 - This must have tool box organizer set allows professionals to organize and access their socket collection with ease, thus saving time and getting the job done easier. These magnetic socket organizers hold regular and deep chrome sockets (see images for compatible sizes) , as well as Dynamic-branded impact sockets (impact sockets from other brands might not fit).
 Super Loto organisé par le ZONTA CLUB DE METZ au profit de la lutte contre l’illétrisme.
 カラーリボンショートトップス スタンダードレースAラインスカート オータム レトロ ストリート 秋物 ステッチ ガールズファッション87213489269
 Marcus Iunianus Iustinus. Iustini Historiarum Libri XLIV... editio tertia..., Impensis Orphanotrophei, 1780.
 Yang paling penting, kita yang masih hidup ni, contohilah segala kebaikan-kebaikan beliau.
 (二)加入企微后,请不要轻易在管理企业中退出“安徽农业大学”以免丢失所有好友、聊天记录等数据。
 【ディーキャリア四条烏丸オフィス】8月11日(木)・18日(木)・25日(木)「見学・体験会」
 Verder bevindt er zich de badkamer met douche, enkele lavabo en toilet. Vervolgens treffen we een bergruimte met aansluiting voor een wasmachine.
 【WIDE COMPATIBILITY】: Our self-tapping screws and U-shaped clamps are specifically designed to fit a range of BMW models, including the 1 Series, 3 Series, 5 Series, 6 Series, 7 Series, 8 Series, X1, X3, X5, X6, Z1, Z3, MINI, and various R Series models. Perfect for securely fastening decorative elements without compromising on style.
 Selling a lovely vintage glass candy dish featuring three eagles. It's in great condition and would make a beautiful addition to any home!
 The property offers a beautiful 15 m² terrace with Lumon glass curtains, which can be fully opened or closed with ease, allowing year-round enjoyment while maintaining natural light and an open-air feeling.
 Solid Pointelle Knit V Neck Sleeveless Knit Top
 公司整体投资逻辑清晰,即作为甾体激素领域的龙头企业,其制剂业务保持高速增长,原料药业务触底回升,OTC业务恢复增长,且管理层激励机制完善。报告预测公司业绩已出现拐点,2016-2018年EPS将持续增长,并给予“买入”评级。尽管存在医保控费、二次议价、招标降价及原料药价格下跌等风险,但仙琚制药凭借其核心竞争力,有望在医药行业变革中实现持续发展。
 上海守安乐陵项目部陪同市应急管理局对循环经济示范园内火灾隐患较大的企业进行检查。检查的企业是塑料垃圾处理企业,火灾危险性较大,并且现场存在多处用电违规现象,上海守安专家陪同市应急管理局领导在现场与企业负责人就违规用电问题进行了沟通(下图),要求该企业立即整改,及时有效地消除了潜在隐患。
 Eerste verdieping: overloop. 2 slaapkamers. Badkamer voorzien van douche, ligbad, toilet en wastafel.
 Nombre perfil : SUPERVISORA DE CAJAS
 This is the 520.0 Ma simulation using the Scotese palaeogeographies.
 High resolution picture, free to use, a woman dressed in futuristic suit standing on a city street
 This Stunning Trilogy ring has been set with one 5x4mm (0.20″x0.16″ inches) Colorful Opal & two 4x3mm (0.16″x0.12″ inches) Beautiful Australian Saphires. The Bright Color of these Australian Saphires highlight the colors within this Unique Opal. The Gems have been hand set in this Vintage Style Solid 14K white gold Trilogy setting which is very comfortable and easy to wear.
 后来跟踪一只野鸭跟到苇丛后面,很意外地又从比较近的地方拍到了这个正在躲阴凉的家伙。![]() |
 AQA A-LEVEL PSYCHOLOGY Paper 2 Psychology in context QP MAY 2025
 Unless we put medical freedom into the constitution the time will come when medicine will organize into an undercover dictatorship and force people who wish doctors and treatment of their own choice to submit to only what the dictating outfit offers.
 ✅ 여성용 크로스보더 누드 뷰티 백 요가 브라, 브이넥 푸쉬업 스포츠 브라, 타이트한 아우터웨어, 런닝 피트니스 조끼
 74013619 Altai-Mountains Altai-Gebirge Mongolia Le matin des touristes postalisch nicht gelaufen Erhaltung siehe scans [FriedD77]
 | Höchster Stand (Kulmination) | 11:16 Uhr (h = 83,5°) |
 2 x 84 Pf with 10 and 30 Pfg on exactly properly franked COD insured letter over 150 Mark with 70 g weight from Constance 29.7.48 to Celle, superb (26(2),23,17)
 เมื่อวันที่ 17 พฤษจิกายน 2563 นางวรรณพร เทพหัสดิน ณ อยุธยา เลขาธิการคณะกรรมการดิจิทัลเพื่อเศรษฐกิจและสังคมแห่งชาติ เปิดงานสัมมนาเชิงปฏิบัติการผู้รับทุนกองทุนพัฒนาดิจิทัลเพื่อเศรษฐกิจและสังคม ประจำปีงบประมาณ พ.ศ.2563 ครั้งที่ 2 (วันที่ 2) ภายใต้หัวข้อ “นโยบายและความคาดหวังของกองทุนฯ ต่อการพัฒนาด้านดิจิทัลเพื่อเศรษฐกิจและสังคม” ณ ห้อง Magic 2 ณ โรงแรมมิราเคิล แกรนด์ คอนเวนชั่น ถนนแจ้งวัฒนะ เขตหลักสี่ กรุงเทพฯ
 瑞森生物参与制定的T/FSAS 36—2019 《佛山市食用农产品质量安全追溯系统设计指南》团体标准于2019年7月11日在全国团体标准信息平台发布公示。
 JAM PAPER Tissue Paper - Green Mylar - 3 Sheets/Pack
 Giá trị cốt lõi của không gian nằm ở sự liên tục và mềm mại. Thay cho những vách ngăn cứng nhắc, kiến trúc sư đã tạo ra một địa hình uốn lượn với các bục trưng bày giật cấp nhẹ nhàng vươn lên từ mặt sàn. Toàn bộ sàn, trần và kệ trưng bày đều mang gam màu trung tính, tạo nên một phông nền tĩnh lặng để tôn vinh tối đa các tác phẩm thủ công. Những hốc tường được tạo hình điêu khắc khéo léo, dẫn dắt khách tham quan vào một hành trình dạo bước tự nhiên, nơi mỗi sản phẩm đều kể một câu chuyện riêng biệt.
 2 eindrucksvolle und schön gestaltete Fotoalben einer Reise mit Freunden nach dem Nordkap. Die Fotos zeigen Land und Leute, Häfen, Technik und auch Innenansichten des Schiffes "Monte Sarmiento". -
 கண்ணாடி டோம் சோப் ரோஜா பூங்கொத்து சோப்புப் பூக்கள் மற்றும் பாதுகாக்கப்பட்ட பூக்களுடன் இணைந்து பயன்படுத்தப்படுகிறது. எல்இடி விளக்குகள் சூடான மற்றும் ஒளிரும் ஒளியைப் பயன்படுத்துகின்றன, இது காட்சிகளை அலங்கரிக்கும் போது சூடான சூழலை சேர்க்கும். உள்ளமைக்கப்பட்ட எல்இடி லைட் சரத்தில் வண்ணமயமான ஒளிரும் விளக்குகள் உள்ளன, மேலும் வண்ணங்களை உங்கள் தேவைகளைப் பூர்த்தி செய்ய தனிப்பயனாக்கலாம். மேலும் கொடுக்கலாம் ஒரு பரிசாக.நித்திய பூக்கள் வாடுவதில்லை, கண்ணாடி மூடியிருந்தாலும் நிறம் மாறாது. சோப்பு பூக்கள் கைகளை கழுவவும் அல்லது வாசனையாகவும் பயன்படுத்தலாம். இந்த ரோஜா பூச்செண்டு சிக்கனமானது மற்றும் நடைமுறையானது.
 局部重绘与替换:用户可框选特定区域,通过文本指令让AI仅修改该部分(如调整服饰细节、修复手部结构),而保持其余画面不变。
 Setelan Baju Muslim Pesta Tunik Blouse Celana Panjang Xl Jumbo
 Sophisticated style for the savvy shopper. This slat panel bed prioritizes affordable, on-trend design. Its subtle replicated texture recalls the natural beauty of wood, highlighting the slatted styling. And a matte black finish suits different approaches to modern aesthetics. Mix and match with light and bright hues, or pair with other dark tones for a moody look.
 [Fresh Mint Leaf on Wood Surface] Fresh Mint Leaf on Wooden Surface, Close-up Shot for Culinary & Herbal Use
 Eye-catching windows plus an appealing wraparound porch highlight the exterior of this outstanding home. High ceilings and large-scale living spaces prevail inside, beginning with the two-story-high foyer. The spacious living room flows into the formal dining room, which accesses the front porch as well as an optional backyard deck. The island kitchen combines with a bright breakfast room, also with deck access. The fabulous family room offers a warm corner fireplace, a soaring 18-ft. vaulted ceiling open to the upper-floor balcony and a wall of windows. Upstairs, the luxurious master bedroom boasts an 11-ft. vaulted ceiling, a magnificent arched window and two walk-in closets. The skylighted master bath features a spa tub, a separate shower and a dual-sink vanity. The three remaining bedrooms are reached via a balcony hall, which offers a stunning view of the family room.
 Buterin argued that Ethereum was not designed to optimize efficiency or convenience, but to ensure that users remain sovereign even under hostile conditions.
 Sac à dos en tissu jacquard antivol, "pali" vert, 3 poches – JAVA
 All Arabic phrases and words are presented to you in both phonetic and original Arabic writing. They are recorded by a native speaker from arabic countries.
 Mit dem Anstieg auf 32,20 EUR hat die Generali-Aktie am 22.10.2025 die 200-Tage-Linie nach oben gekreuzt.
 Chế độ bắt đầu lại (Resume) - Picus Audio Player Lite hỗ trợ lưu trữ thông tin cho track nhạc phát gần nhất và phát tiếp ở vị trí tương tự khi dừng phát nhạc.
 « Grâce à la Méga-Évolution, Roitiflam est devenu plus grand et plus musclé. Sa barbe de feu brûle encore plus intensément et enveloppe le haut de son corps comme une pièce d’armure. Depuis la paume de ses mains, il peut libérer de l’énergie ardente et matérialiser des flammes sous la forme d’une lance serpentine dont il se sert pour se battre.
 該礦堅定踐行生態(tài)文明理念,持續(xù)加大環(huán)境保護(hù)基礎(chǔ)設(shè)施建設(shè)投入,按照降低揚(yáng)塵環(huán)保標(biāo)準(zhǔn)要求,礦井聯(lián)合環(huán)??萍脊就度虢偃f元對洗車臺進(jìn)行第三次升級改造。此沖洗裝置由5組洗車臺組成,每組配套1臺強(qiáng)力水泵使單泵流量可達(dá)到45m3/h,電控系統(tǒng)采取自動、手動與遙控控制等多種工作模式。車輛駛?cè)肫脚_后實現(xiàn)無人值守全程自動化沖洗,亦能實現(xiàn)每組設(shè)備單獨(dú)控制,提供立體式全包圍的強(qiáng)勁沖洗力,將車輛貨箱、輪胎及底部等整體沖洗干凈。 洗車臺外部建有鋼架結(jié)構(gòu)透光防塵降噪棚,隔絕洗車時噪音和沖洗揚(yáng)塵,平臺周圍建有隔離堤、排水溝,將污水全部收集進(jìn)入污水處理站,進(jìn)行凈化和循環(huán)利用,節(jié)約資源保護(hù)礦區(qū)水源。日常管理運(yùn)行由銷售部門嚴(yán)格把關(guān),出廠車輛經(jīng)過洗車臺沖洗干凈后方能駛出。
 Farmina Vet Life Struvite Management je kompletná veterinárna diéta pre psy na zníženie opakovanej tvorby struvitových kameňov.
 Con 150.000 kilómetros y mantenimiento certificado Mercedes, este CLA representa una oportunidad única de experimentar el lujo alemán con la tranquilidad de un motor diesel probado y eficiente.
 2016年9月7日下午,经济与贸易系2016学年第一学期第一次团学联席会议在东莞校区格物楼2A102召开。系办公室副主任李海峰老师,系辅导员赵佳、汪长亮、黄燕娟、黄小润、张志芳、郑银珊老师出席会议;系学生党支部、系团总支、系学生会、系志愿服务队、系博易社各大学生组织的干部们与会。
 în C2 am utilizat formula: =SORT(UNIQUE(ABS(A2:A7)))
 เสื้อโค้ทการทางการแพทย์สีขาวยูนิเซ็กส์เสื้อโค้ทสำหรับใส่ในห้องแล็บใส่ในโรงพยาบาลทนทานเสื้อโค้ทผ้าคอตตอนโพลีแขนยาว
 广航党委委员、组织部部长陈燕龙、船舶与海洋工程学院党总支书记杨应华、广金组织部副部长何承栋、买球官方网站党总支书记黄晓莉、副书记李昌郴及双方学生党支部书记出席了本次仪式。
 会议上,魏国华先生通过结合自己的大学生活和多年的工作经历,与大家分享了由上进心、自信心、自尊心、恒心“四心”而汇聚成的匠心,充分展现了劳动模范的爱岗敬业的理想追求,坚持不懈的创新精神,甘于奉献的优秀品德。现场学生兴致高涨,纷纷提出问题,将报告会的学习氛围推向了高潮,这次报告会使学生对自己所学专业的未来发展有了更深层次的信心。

____

Please print exactly what appears from the first line of the data through the line with "The property offers", including both of those lines and nothing past them.

#### [Result below]
 - This must have tool box organizer set allows professionals to organize and access their socket collection with ease, thus saving time and getting the job done easier. These magnetic socket organizers hold regular and deep chrome sockets (see images for compatible sizes) , as well as Dynamic-branded impact sockets (impact sockets from other brands might not fit).
 Super Loto organisé par le ZONTA CLUB DE METZ au profit de la lutte contre l’illétrisme.
 カラーリボンショートトップス スタンダードレースAラインスカート オータム レトロ ストリート 秋物 ステッチ ガールズファッション87213489269
 Marcus Iunianus Iustinus. Iustini Historiarum Libri XLIV... editio tertia..., Impensis Orphanotrophei, 1780.
 Yang paling penting, kita yang masih hidup ni, contohilah segala kebaikan-kebaikan beliau.
 (二)加入企微后,请不要轻易在管理企业中退出“安徽农业大学”以免丢失所有好友、聊天记录等数据。
 【ディーキャリア四条烏丸オフィス】8月11日(木)・18日(木)・25日(木)「見学・体験会」
 Verder bevindt er zich de badkamer met douche, enkele lavabo en toilet. Vervolgens treffen we een bergruimte met aansluiting voor een wasmachine.
 【WIDE COMPATIBILITY】: Our self-tapping screws and U-shaped clamps are specifically designed to fit a range of BMW models, including the 1 Series, 3 Series, 5 Series, 6 Series, 7 Series, 8 Series, X1, X3, X5, X6, Z1, Z3, MINI, and various R Series models. Perfect for securely fastening decorative elements without compromising on style.
 Selling a lovely vintage glass candy dish featuring three eagles. It's in great condition and would make a beautiful addition to any home!
 The property offers a beautiful 15 m² terrace with Lumon glass curtains, which can be fully opened or closed with ease, allowing year-round enjoyment while maintaining natural light and an open-air feeling.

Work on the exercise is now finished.